I have gone through various news websites to find out how Nigerians are responding to the report and the NPF’s reactions to it; and I’m sure I don’t have to tell Moshood that derision and disgust are widespread.
Nobody seems to have anything positive to say about our boys in blue and black! Tales of police extortion, corruption in general, violence, incompetence and collusion with criminals abound on the internet.
Police officers are supposed to be respected members of society. Police officers should be regarded as the partners and protectors of the law-abiding majority. But they are seen by most Nigerians as partners and protectors of criminals…and as predatory, stupid, useless and dangerous.
Having said this, I’d like to put in a good word for Nigerian police officers.
I was kidnapped in Port Harcourt two years ago and have subsequently been deeply touched by the moral and practical support that I personally have received from various senior, junior and middle-ranking policemen and women.
If only ALL Nigerian policemen and women could be as nice to ALL Nigerians, the NPF would inspire confidence and improve its terrible reputation.
To be fair, the NPF suffers from a chronic lack of resources. And police officers suffer so much poverty while they are risking their lives for us.

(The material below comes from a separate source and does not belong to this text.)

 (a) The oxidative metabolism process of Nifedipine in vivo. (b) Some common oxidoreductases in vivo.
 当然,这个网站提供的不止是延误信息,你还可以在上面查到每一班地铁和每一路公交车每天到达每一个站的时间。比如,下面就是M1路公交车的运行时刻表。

It is difficult to be honest and to excel when you are under terrible pressure.
By the way, the report also took a swipe at our political class by declaring that: “High levels of political terror have been an issue for Nigeria since 1993.”

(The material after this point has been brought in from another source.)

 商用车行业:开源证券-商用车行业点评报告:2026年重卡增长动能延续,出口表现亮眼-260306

If only the politicians who inflict misery on the populace could concentrate on the need to provide regular on-the-ground police officers with better training, better money, better todays and brighter tomorrows.
Men of substance
The Financial Times, a British newspaper, hosted an Africa Summit in London last month. Vice President Osinbajo was the main attraction and gave a terrific keynote speech. The man oozes class, competence and integrity. He really impressed the foreigners and made me feel so proud to be Nigerian.
Godwin Obaseki, the Governor of Edo State, also attended the above event; and the thing that struck me about him was how refreshingly modest and low-key he was.
He didn’t have an entourage. He wasn’t surrounded by aides. There were no security guards aggressively repelling anyone who dared to approach him.
Obaseki just quietly mingled with other Summit participants and chatted to anyone who wanted to talk to him. My instincts, which are usually sound, tell me that this intelligent, charming political CEO will do very well for his state.